E, infine, come possiamo costatare nei giorni penosi che viviamo, un’altra obiezione che appare ora in tutta la sua temerarietà:
Tutti i cattolici credono che la Chiesa, per l’assistenza dello Spirito santo, è infallibile; e conseguentemente che tutte le dottrine da lei proposte alla nostra fede, sono divine, però, indubbiamente vere. Ma se il Capo della Chiesa può errare nel suo insegnamento, egli può in questo caso, proporre dottrine che non sieno divine e perciò stesso sieno dubbiose. Ora, se il magistero del Capo della Chiesa none esclude ogni dubbio, è impossibile che siffato insegnamento costituisca fondamento per la fede. (93)

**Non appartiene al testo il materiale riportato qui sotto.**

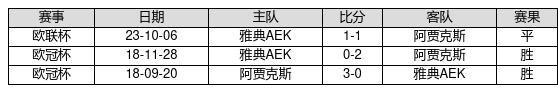 阿贾克斯 VS 雅典AEK两队近10年的交战次数为3场,阿贾克斯2胜1平0负,赢球概率为66.7%,平局概率为33.3%,输球概率为0%。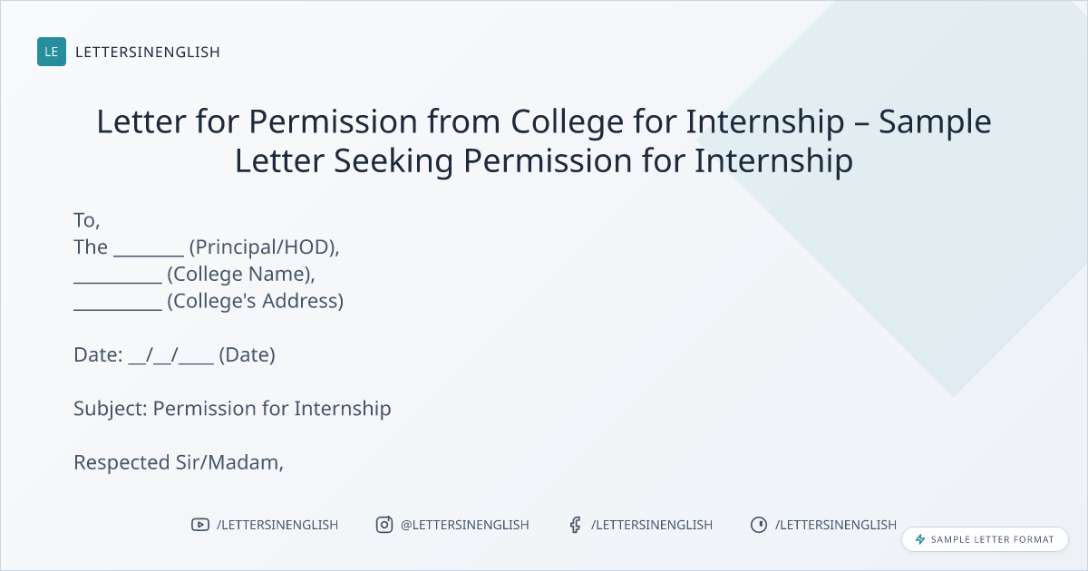 Letter for Permission from College for Internship – Sample Letter Seeking Permission for Internship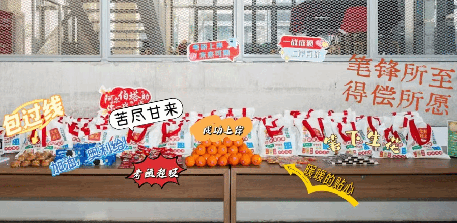 这份充满心意的加油物资里,藏着诸多美好寓意:印有“橙功上岸”的新鲜橙子,寄托着顺利上岸的祝愿;寓意“包过线”的小面包,寓意着稳稳过线、不负努力;“苦尽甘来”的咖啡,陪伴学子们熬过备考的艰辛岁月;“考运超旺”的旺仔牛奶糖,愿大家考试时好运加持;刻着“加油!奥里给”的奥利奥,是俏皮又有力的鼓劲;还有“暖暖的贴心”暖宝宝,”笔下生花“的考试用笔,为冬日备考的学子带来阵阵暖意。每一份物资都承载着学院的深情关怀,愿考研学子带着这份温暖与好运,在考场上披荆斩棘、一战成硕,不负韶华与热爱。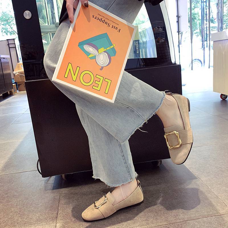 单鞋女2019春季新款百搭浅口一脚蹬懒人鞋平底孕妇女鞋韩版豆豆鞋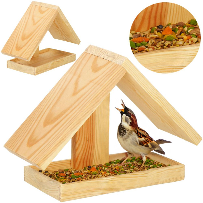 Ptačí krmítko z odolného impregnovaného dřeva vhodné k zavěšení nebo postavení. Praktický tvar s rozměry 32x24x14 cm poskytuje bezpečné místo pro krmení ptáčků, jako jsou sýkorky, a zároveň odolává nepříznivému počasí. Skvělý doplněk do zahrady, na balkon nebo terasu!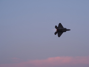 It's funny. I definitely appreciate the skill and work that goes into these acrobatic displays. I know how hard it is to do that. But the biggest reactions always come from the dick-swinging military displays, which really put me off. I just think about how much money we're spending to produce these terrifying death-delivery machines, and I imagine what it must be like to be on the wrong end of a fighter jet, probably on the ground having done nothing more than been born in the wrong country. This F-22 has flown over the airport multiple times each day, and I wandered past it on the ground yesterday: there were at least 10 soldiers I could easily see standing in a loose perimeter around it behind a rope barrier, M-16 rifles in that sort of resting-ready position, as if they expected terrorists to come at them any minute now. I was quite sure those rifles were loaded, and got out of the area by the most direct path possible.

La lettura di questo testo distante nel tempo ci aiuta a vedere come la chiesa, di fronte alle sfide poste dalla rivoluzione francese, a distanza di cento anni produce due concili simmetricamente opposti, ma con la stessa base: se stessa come centro della questione.
Nel vaticano I, una rocca da difendere ad ogni costo. Nel vaticano II lo smantellamento di ogni dottrina e l’accettazione di ogni idea. Entrambe le prospettive sono state fallimentari.
Il concilio vaticano I ha giocato tutte le sue carte (una vera hybris?) sull’infallibilità del pontefice; precisa Manning che l’autorità del Romano Pontefice è suprema e, per conseguenza immune da errore, allorché in materia di fede e di morale decreta ed ordina ciò che deve essere creduto e tenuto da tutti i fedeli di Gesù Cristo e ciò che dai medesimi deve esser rigettato e condannato. (97).
Cosa sia diventata oggi questa ‘autorità’, occasione di confusione della fede e scherno nei confronti di coloro che credono, è sotto gli occhi di tutti.